▶ [Information supplied]:
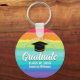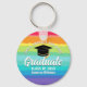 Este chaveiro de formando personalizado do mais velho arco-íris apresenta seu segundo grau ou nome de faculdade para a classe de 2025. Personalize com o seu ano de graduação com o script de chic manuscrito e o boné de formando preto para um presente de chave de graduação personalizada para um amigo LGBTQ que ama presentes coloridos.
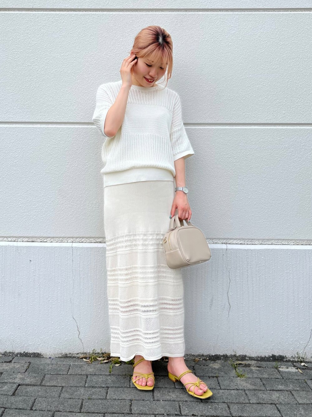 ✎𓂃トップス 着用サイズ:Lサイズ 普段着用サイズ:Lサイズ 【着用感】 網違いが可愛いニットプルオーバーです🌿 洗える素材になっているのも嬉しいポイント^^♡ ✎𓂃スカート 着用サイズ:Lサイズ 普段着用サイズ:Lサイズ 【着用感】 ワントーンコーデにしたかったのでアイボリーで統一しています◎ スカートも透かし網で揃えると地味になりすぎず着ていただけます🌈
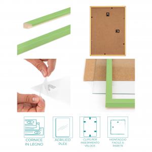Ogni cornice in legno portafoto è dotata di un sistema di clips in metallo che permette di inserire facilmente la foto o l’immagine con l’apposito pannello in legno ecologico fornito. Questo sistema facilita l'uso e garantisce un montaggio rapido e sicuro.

▶ [Aim of the exercise]: Take the lines from the one that contains "普段着用サイズ:Lサイズ 【着用感】 網違いが可愛いニットプルオーバーです🌿" down to the last line of the listing above, both included, and set them down exactly, leaving out pictures.

▶ [Output of the task]:
 ✎𓂃トップス 着用サイズ:Lサイズ 普段着用サイズ:Lサイズ 【着用感】 網違いが可愛いニットプルオーバーです🌿 洗える素材になっているのも嬉しいポイント^^♡ ✎𓂃スカート 着用サイズ:Lサイズ 普段着用サイズ:Lサイズ 【着用感】 ワントーンコーデにしたかったのでアイボリーで統一しています◎ スカートも透かし網で揃えると地味になりすぎず着ていただけます🌈
Ogni cornice in legno portafoto è dotata di un sistema di clips in metallo che permette di inserire facilmente la foto o l’immagine con l’apposito pannello in legno ecologico fornito. Questo sistema facilita l'uso e garantisce un montaggio rapido e sicuro.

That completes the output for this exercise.